◆ Given information:

┌──

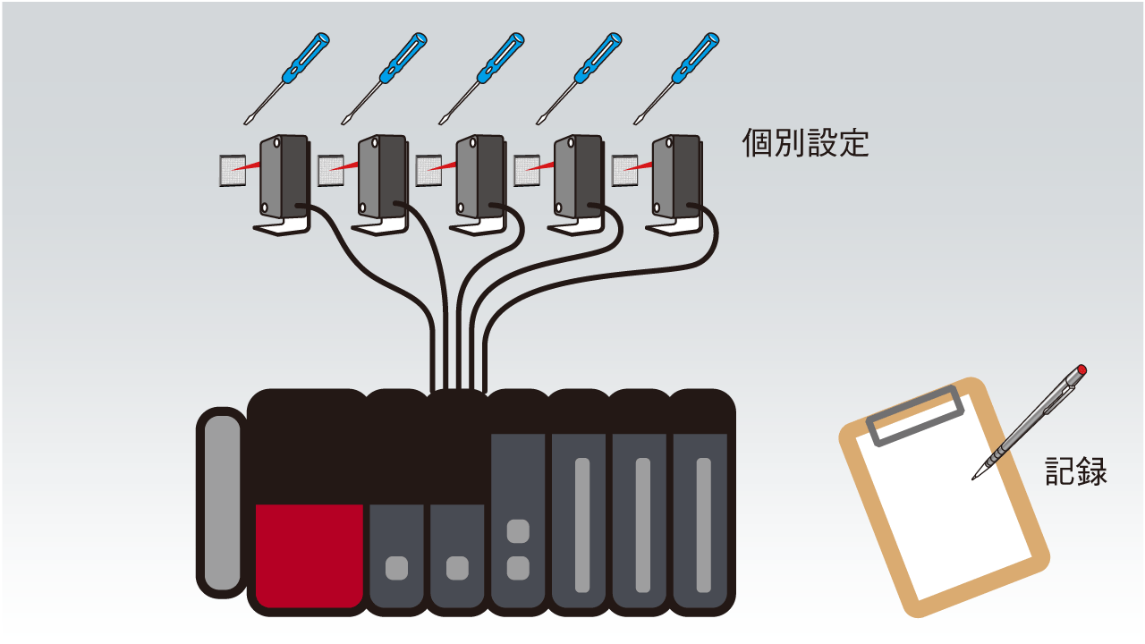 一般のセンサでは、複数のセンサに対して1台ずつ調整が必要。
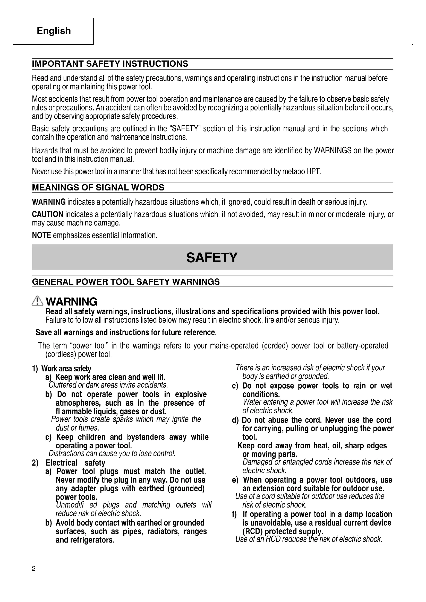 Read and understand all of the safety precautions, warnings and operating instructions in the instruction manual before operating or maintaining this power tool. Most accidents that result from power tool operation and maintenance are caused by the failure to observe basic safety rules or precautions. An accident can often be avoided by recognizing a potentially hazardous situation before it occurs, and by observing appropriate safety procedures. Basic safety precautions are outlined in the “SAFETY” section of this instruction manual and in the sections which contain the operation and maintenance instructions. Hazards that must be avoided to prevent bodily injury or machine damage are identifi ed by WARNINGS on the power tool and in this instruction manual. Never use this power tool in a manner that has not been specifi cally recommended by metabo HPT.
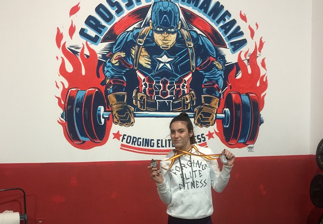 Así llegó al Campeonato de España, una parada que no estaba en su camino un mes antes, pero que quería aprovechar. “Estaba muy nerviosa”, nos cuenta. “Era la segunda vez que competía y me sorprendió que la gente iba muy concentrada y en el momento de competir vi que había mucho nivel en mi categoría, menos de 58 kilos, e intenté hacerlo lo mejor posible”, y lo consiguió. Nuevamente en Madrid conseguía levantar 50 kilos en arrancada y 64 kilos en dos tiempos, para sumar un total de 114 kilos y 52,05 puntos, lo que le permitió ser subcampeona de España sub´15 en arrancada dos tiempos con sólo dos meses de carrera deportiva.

└──

◆ Exercise description: Output the data above exactly, beginning at its first line and ending with the line that holds "Read and understand". Leave out the pictures and add nothing.

◆ The answer:
 一般のセンサでは、複数のセンサに対して1台ずつ調整が必要。
 Read and understand all of the safety precautions, warnings and operating instructions in the instruction manual before operating or maintaining this power tool. Most accidents that result from power tool operation and maintenance are caused by the failure to observe basic safety rules or precautions. An accident can often be avoided by recognizing a potentially hazardous situation before it occurs, and by observing appropriate safety procedures. Basic safety precautions are outlined in the “SAFETY” section of this instruction manual and in the sections which contain the operation and maintenance instructions. Hazards that must be avoided to prevent bodily injury or machine damage are identifi ed by WARNINGS on the power tool and in this instruction manual. Never use this power tool in a manner that has not been specifi cally recommended by metabo HPT.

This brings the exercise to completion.